◆ **Exercise directions**
The lines from the one containing "Detalles del productoFijaciones" through the last line below, both ends included, must be reproduced exactly, with no pictures.

◆ **Data section**
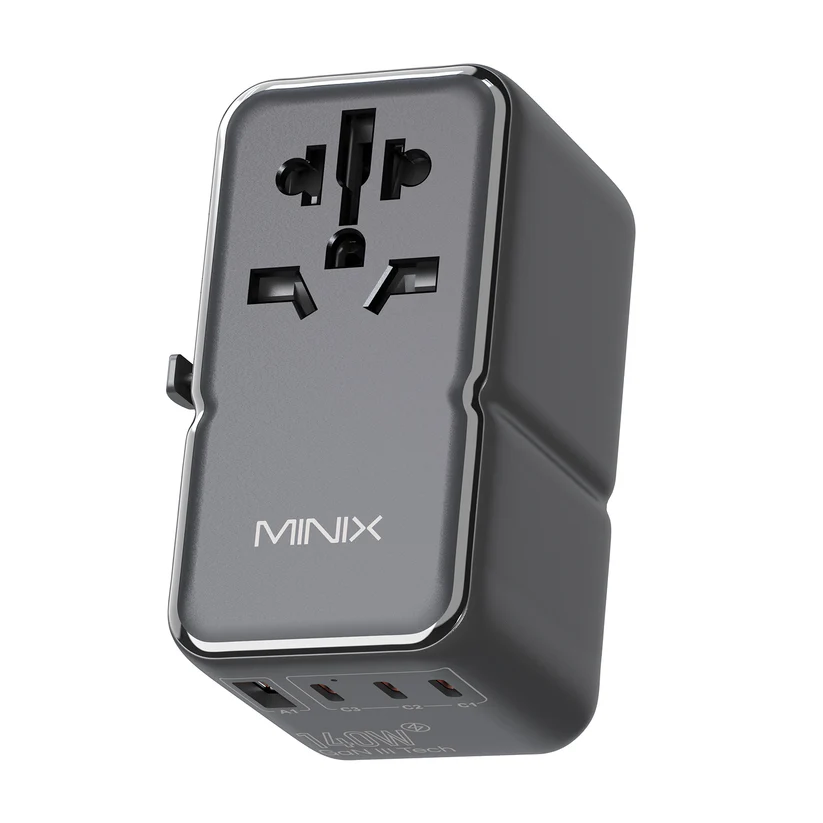 The Minix Universal Travel Adapter leverages advanced GaN III technology for efficient, high-speed charging in a compact design, ensuring maximum portability and performance wherever you go.
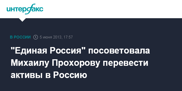 Москва. 5 июня. INTERFAX.RU - В руководстве "Единой России" советуют лидеру "Гражданской платформы" Михаилу Прохорову перевести свои зарубежные активы в Россию, если он действительно хочет участвовать в выборах мэра Москвы.
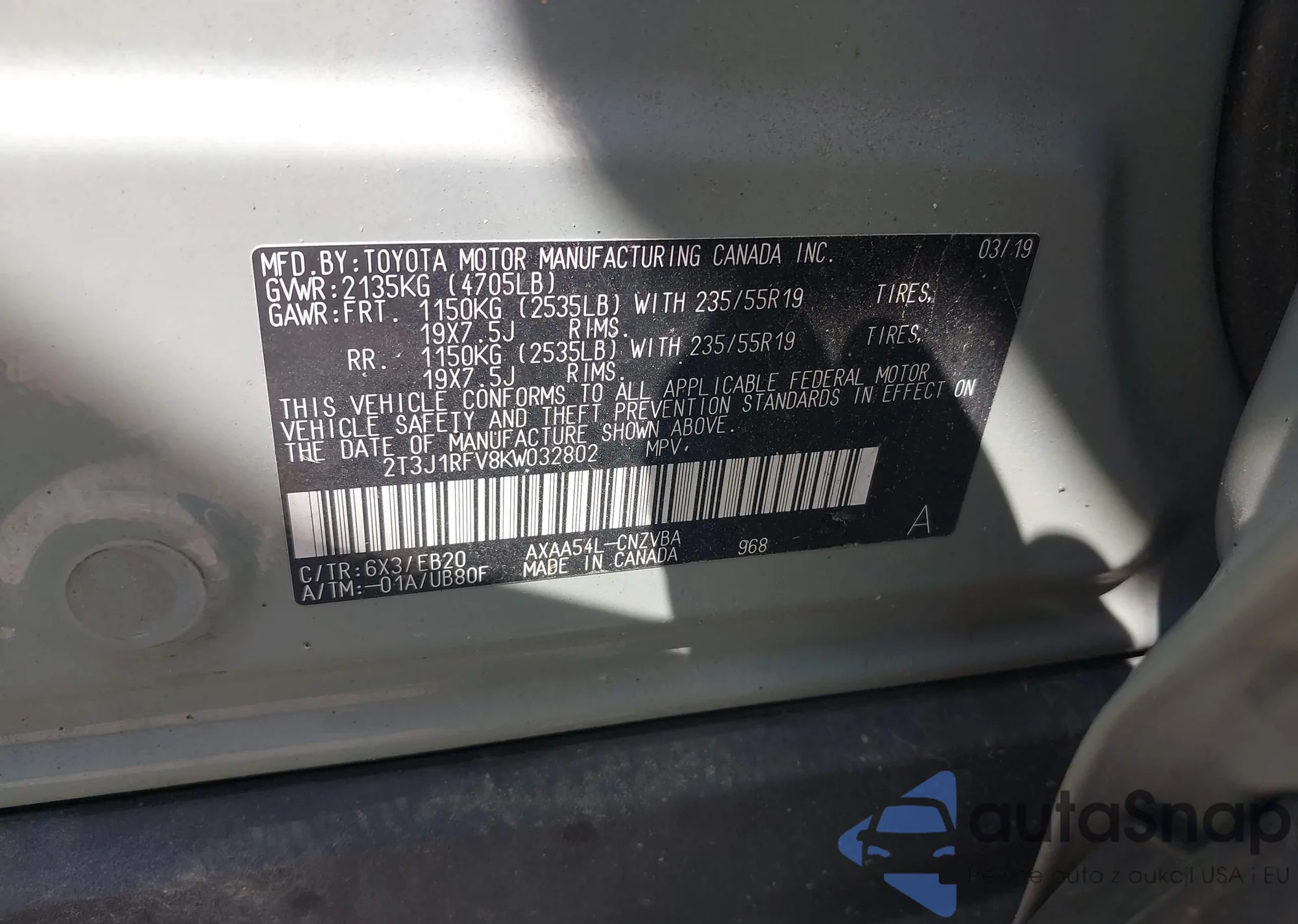 LOT: 43136757 VIN: 2T3J1RFV8KW032802
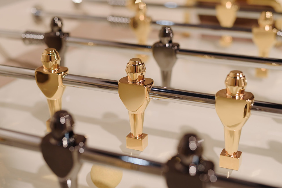 L'eleganza del Tavolo da Calcio Balilla Stadium di Vismara Design, ideato da Pino Vismara, emerge in ogni dettaglio, dagli acciai dorati e cromati dei giocatori alle palline da gioco in sughero.
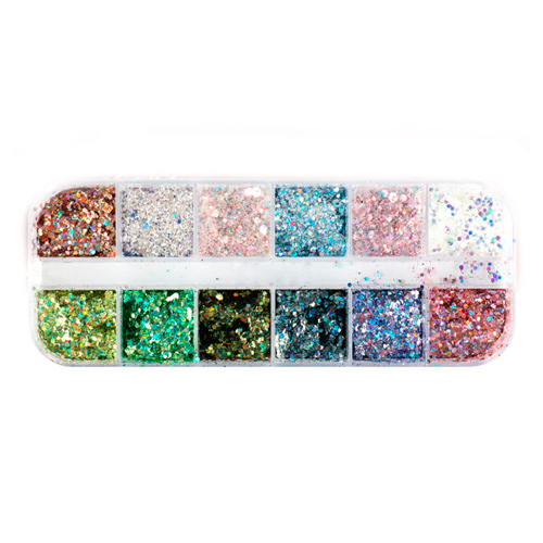Блестки разных оттенков, расположенные в удобном боксе на 12 делений.
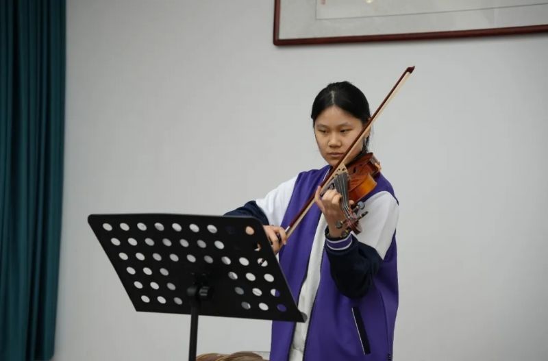 座談間隙,學(xué)生們的精彩表演讓現(xiàn)場溫情再升級:206班盧雨萱的古箏獨(dú)奏《春江花月夜》,弦音裊裊、古韻悠長;207班譚力的獨(dú)唱《心中的日月》,歌聲清澈、滿含敬意;208班劉彩雯的小提琴獨(dú)奏《月半小夜曲》,旋律流轉(zhuǎn)、祝福暗藏。孩子們專注的神情、真摯的情感,贏得老教師們陣陣掌聲。
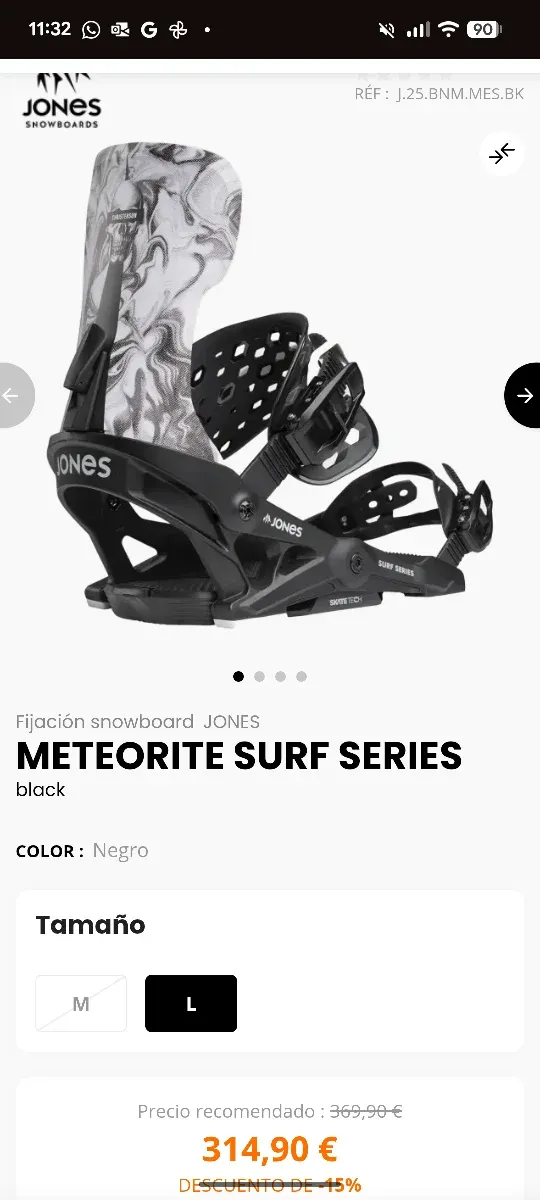 Detalles del productoFijaciones de snowboard Jones Meteorite Surf Series en talla L. Edición especial diseño chris christenson. snow.
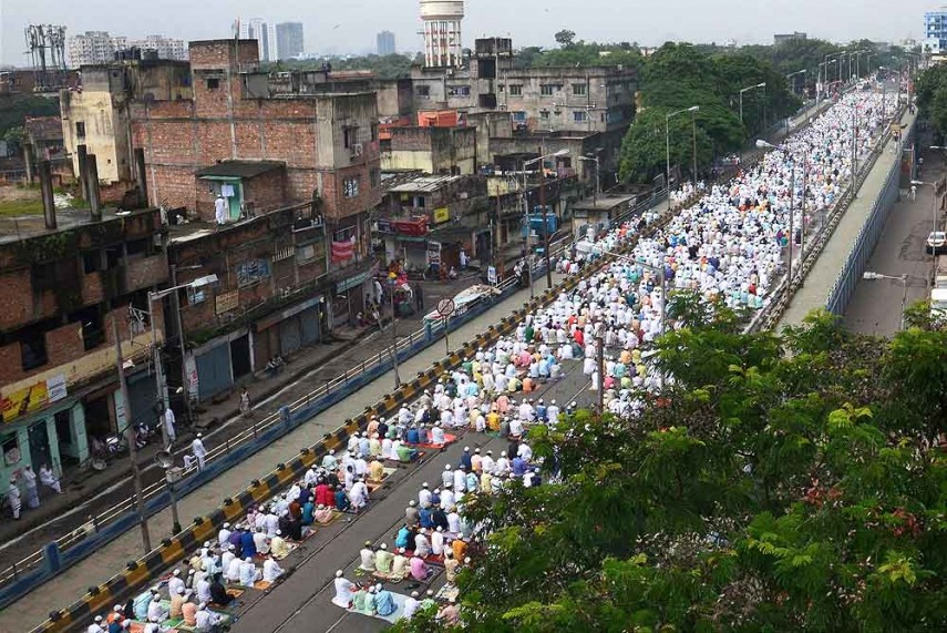 उत्तरी कोलकाता में फ्लाईओवर पर ईद के अवसर पर इबादत करते मुसलमान

◆ **Output of the task**
 Detalles del productoFijaciones de snowboard Jones Meteorite Surf Series en talla L. Edición especial diseño chris christenson. snow.
 उत्तरी कोलकाता में फ्लाईओवर पर ईद के अवसर पर इबादत करते मुसलमान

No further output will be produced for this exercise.